Records provided START
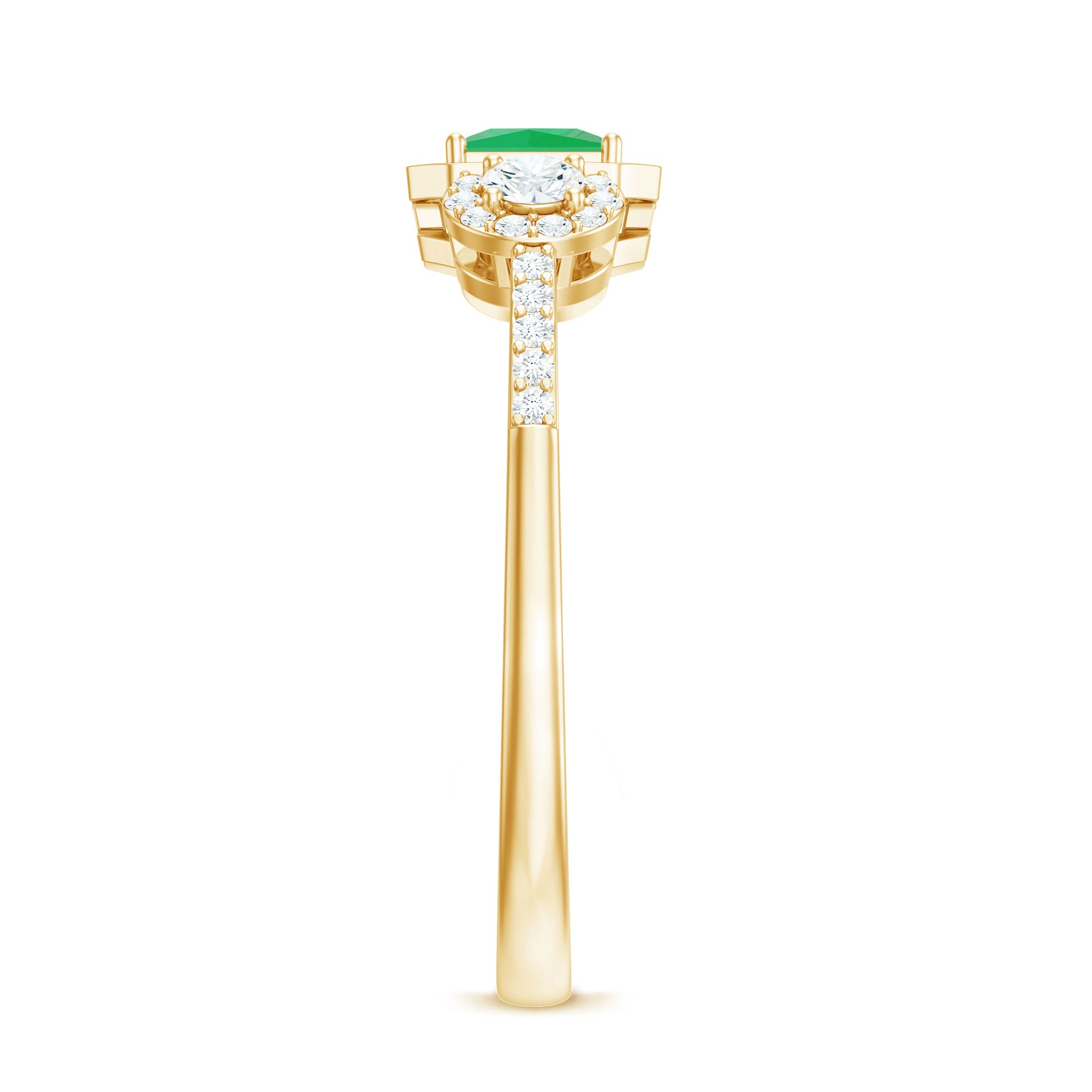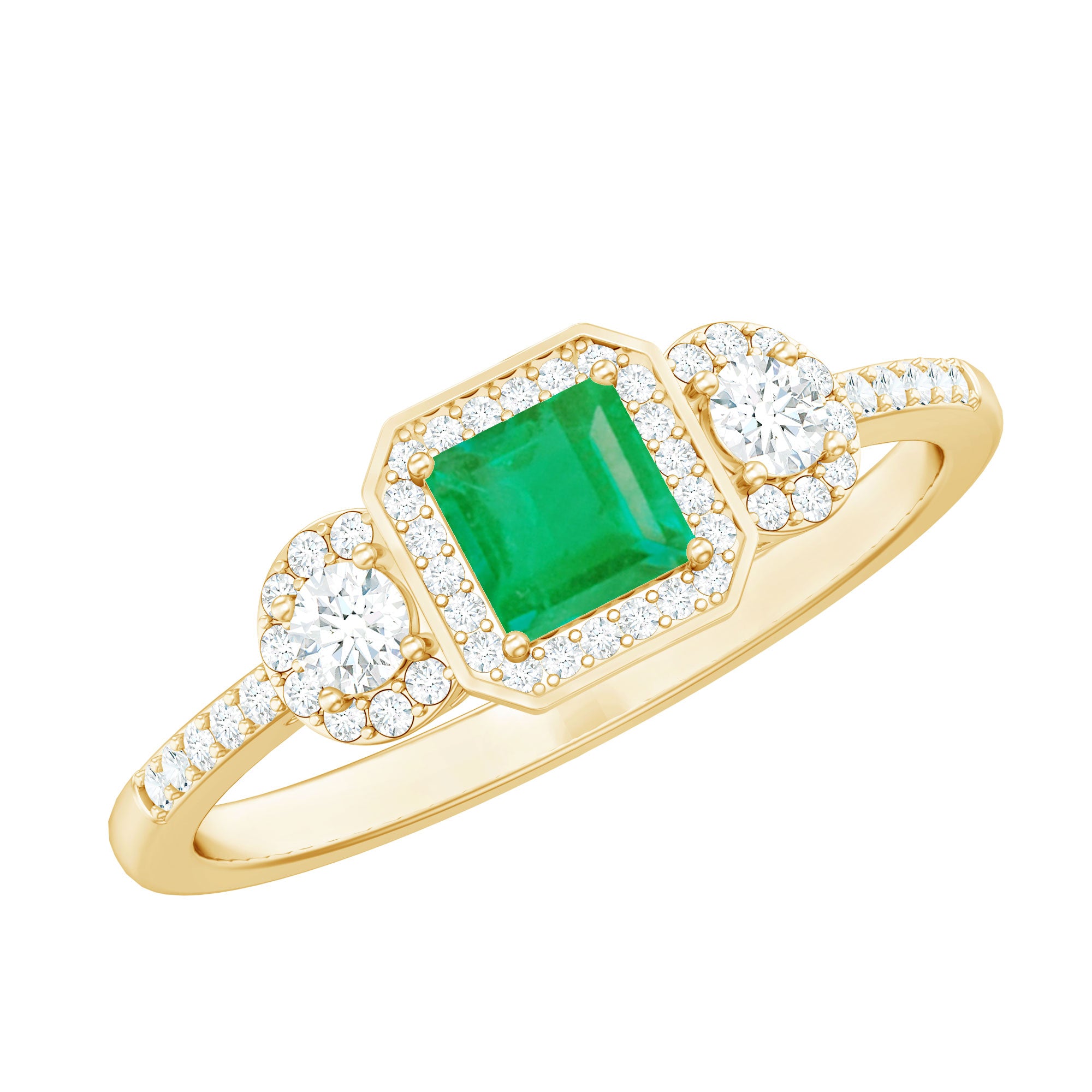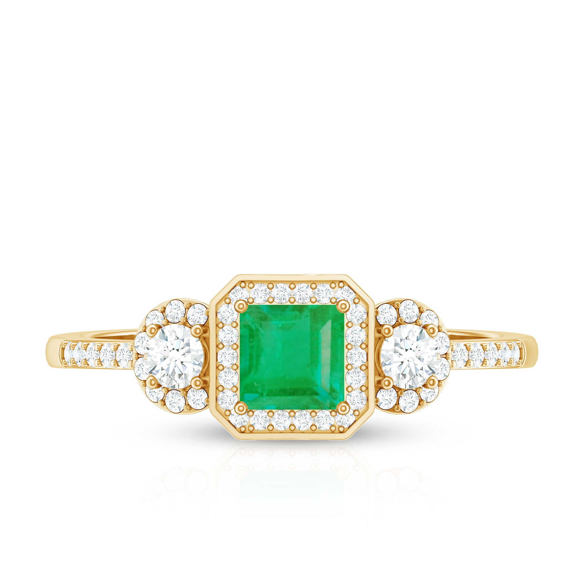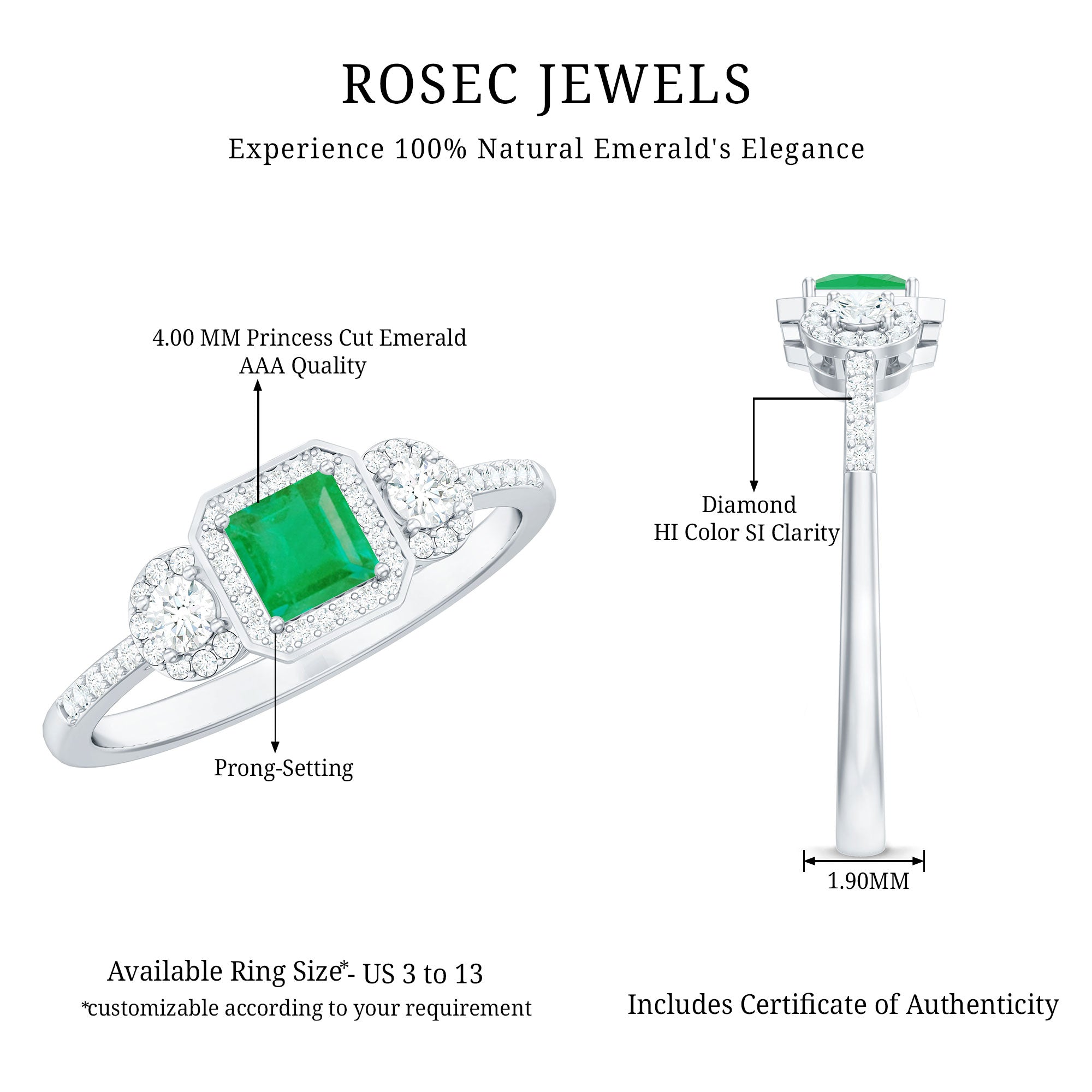 Significant moments deserve a touch of brilliance - this Emerald Engagement Ring is here to make a statement with its remarkable shine. At the heart of this Princess Cut Engagement Ring lies a 4 MM princess cut emerald, securely set in prongs and encircled by a breathtaking halo of delicate round cut diamond stones. The band, adorned with diamond, enhances the sparkle from every angle, perfectly merging simplicity with elegance. This exquisite Princess Cut Emerald Ring is crafted to ensure your moment is truly memorable. Do not overlook this Emerald Halo Ring, allowing your forever to radiate even more brilliantly. It captures the captivating charm of a Timeless Engagement Ring, meticulously designed and available in various metal choices to match your preferences. With sizes available from 3 to 13 according to US standards, we also provide a complimentary ring sizer to help you discover your perfect fit without any last-minute concerns. Packaged in a signature jewelry box ideal for gifting, this Halo Engagement Ring assures that every occasion is remarkable for your Girlfriend, Fiancée, Wife, or Mother.
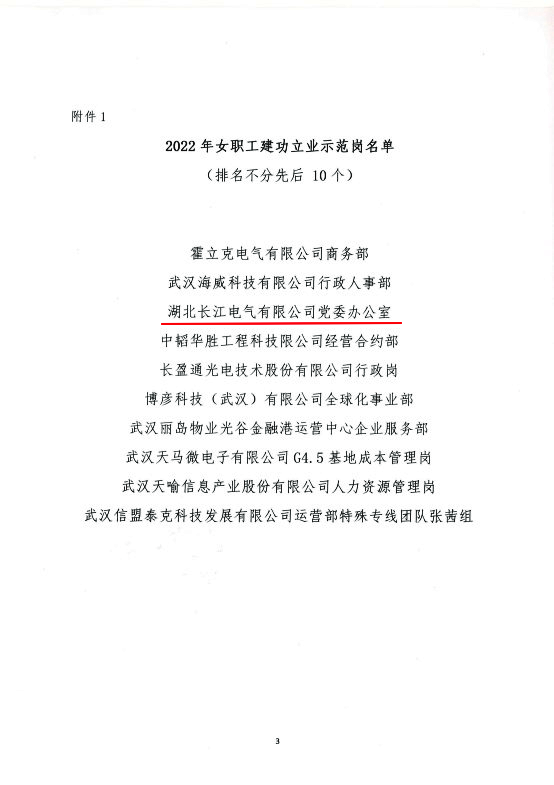 3月3日,武漢東湖高新區光電園總工會發布表彰通知,長江電氣黨辦榮獲2022 年度“女職工建功立業示范崗”榮譽稱號。
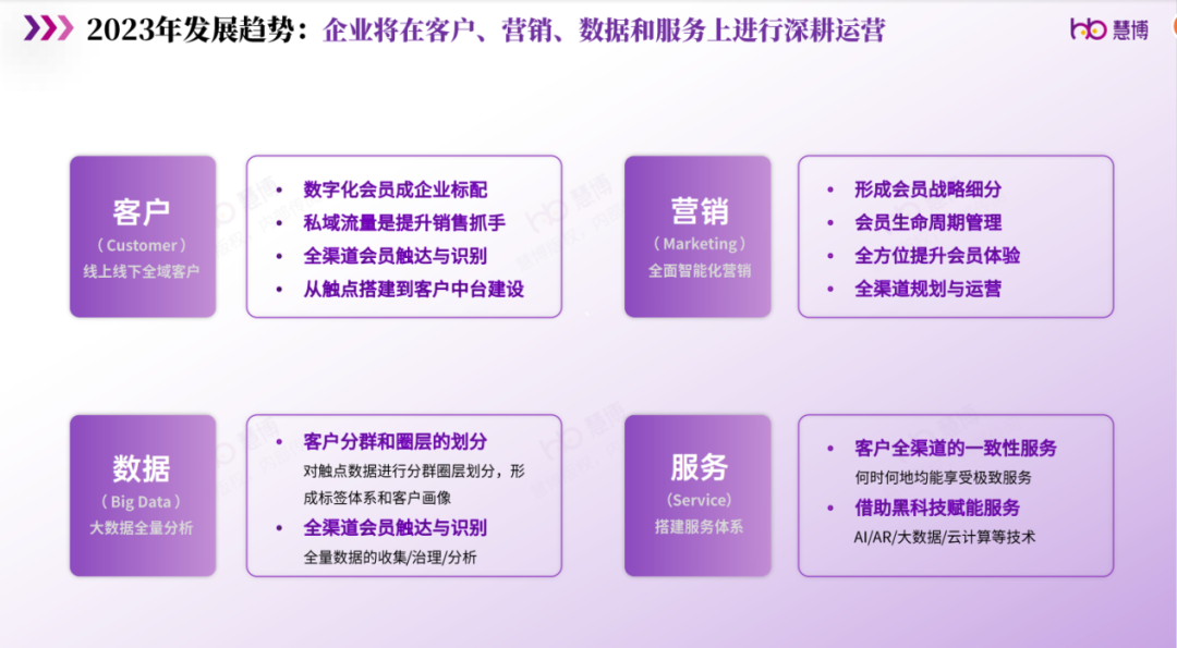 为帮助更多日化行业的企业在存量时代挖掘出会员资产的长效价值,为2023年积攒有效势能,慧博科技在此次分享中基于日化行业的会员业务运营场景为出发点,通过拆解会员管理的核心目标,提出了具体可执行的全域会员资产经运营策略。
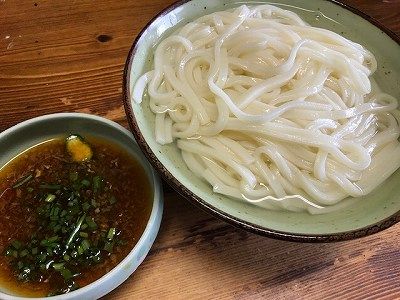 今日の昼は、暑いけど、ふと食べたくなって乾麺のうどんを茹でて釜揚げうどんにしました。
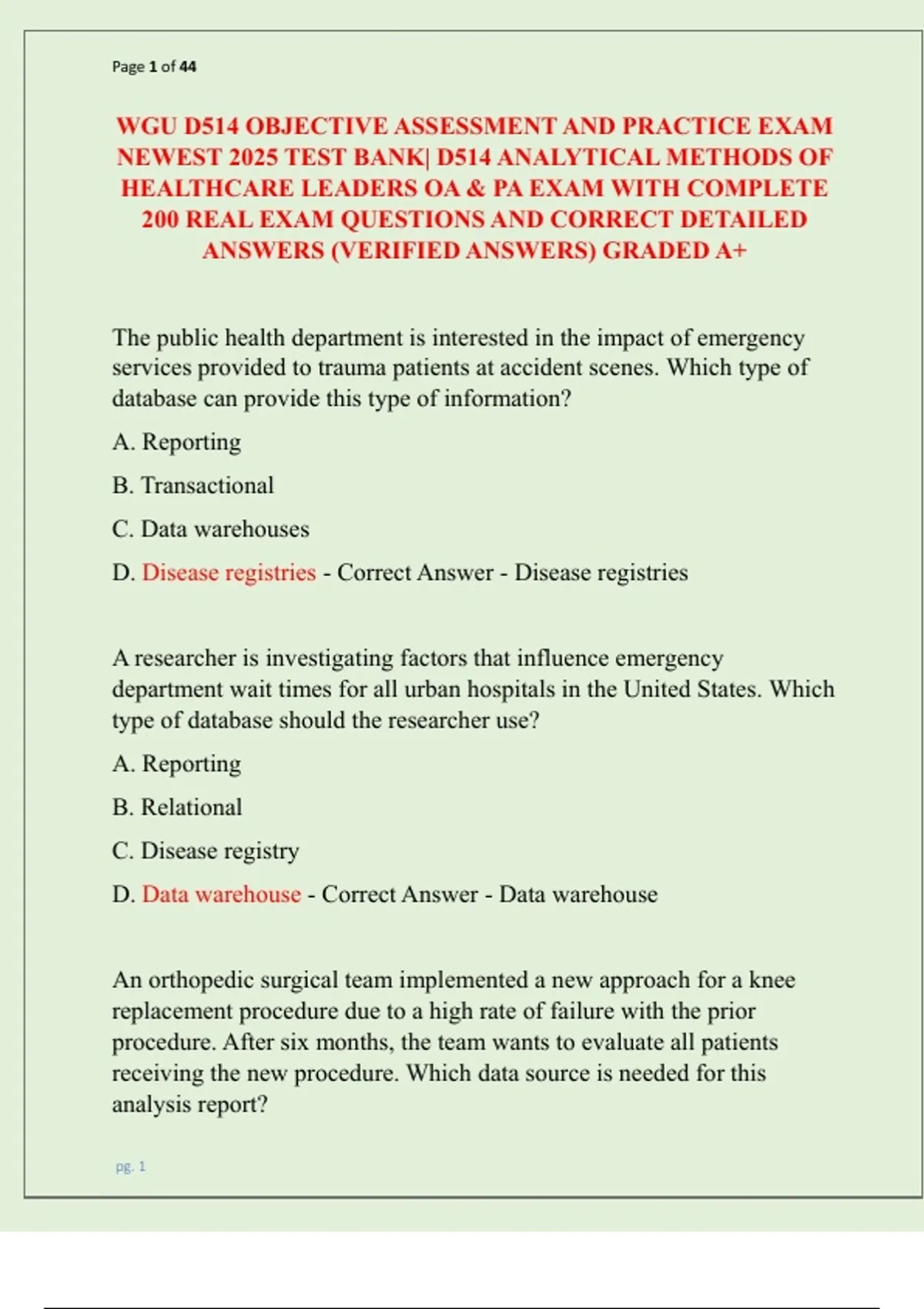 WGU D514 OBJECTIVE ASSESSMENT AND PRACTICE EXAM
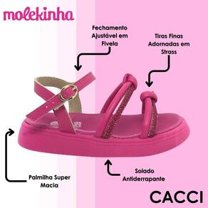 Não perca a chance de deixar os pezinhos da sua pequena ainda mais estilosos! A Sandália Molekinha é a combinação perfeita de conforto e glamour. Adquira já a sua e faça cada passo ser um momento de alegria e charme!
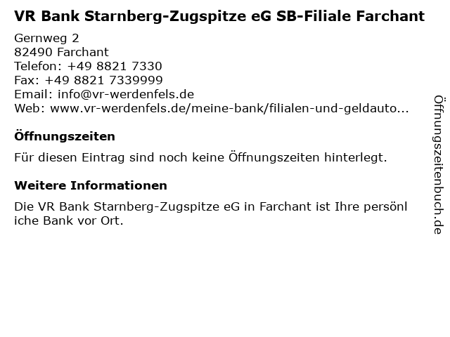 | VR Bank Starnberg-Zugspitze eG SB-Filiale Farchant anrufen | |
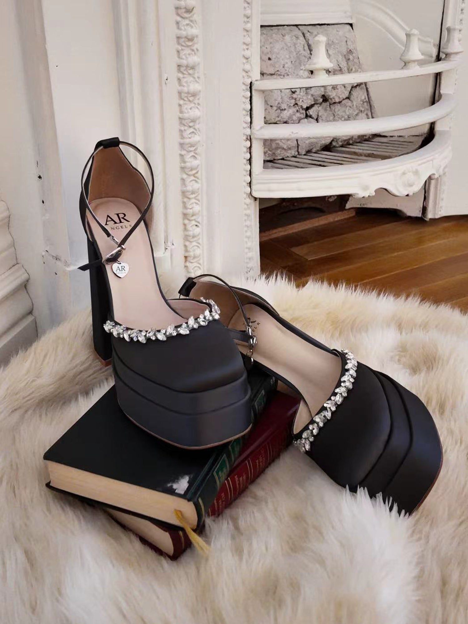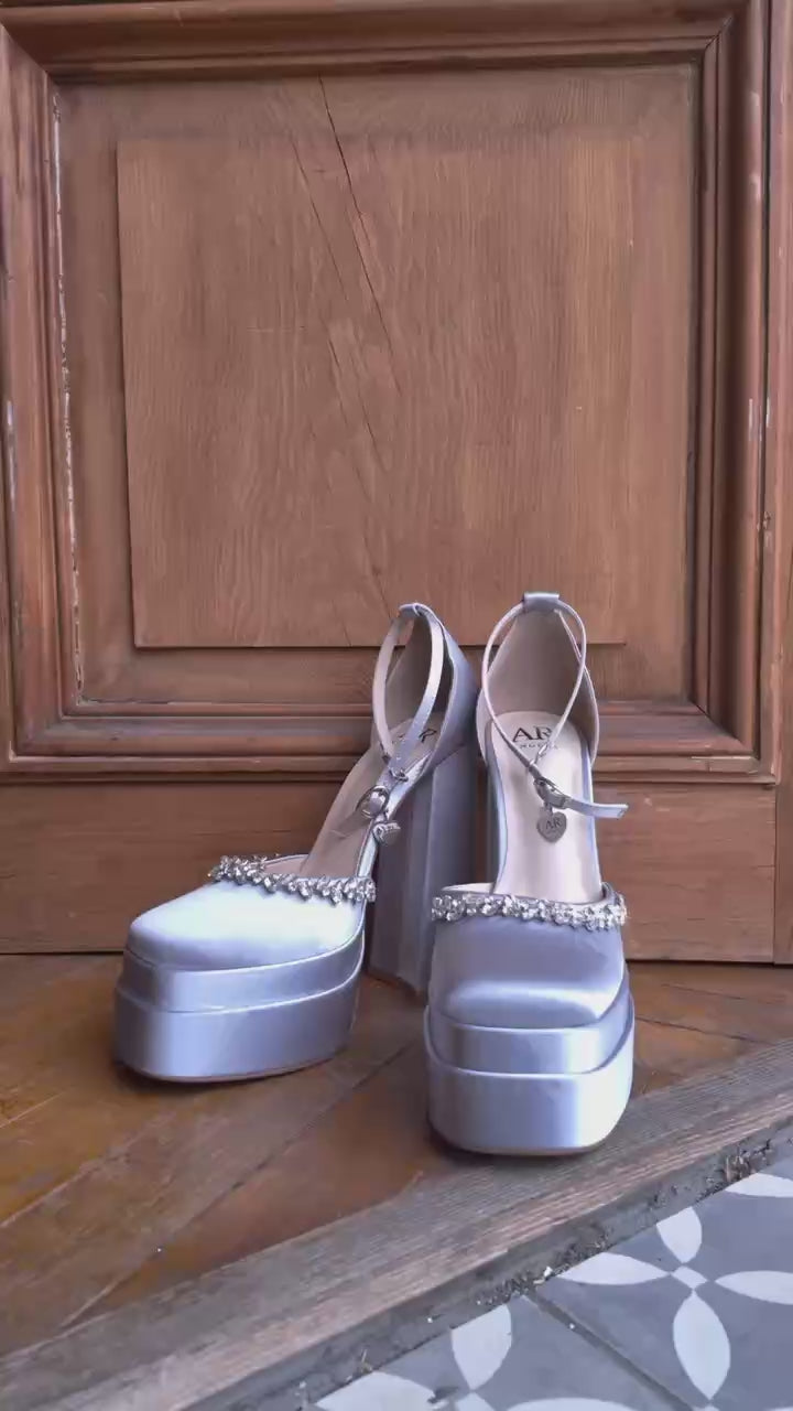 甲にあしらったビジューラインが輝く、サテン素材のラグジュアリープラットフォームパンプス。
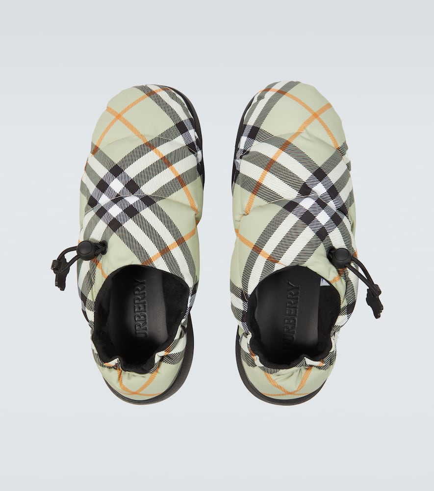 Upper: fabric. Lining: fabric. Sole: leather insole, rubber sole. Toe shape: round toe. Made in Italy. Includes: shoe box, dust bags. Designer color name: Light Sage Ip Check. Shop Burberry Slippers for men and other designer shoes now.
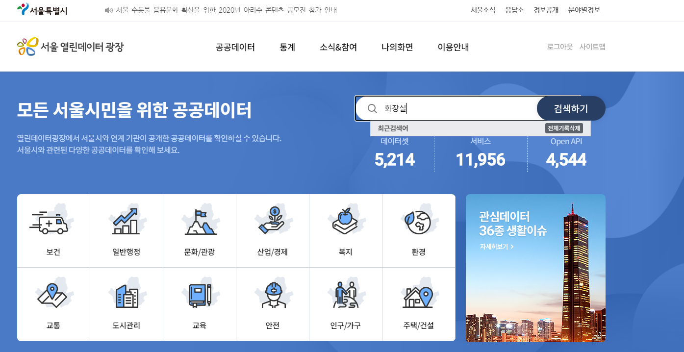 서울시 공중화장실 위치정보를 선택 후에
Records provided END
Each record above should be repeated exactly, please, without pictures.

### Solved exercise:
 Significant moments deserve a touch of brilliance - this Emerald Engagement Ring is here to make a statement with its remarkable shine. At the heart of this Princess Cut Engagement Ring lies a 4 MM princess cut emerald, securely set in prongs and encircled by a breathtaking halo of delicate round cut diamond stones. The band, adorned with diamond, enhances the sparkle from every angle, perfectly merging simplicity with elegance. This exquisite Princess Cut Emerald Ring is crafted to ensure your moment is truly memorable. Do not overlook this Emerald Halo Ring, allowing your forever to radiate even more brilliantly. It captures the captivating charm of a Timeless Engagement Ring, meticulously designed and available in various metal choices to match your preferences. With sizes available from 3 to 13 according to US standards, we also provide a complimentary ring sizer to help you discover your perfect fit without any last-minute concerns. Packaged in a signature jewelry box ideal for gifting, this Halo Engagement Ring assures that every occasion is remarkable for your Girlfriend, Fiancée, Wife, or Mother.
 3月3日,武漢東湖高新區光電園總工會發布表彰通知,長江電氣黨辦榮獲2022 年度“女職工建功立業示范崗”榮譽稱號。
 为帮助更多日化行业的企业在存量时代挖掘出会员资产的长效价值,为2023年积攒有效势能,慧博科技在此次分享中基于日化行业的会员业务运营场景为出发点,通过拆解会员管理的核心目标,提出了具体可执行的全域会员资产经运营策略。
 今日の昼は、暑いけど、ふと食べたくなって乾麺のうどんを茹でて釜揚げうどんにしました。
 WGU D514 OBJECTIVE ASSESSMENT AND PRACTICE EXAM
 Não perca a chance de deixar os pezinhos da sua pequena ainda mais estilosos! A Sandália Molekinha é a combinação perfeita de conforto e glamour. Adquira já a sua e faça cada passo ser um momento de alegria e charme!
 | VR Bank Starnberg-Zugspitze eG SB-Filiale Farchant anrufen | |
 甲にあしらったビジューラインが輝く、サテン素材のラグジュアリープラットフォームパンプス。
 Upper: fabric. Lining: fabric. Sole: leather insole, rubber sole. Toe shape: round toe. Made in Italy. Includes: shoe box, dust bags. Designer color name: Light Sage Ip Check. Shop Burberry Slippers for men and other designer shoes now.
 서울시 공중화장실 위치정보를 선택 후에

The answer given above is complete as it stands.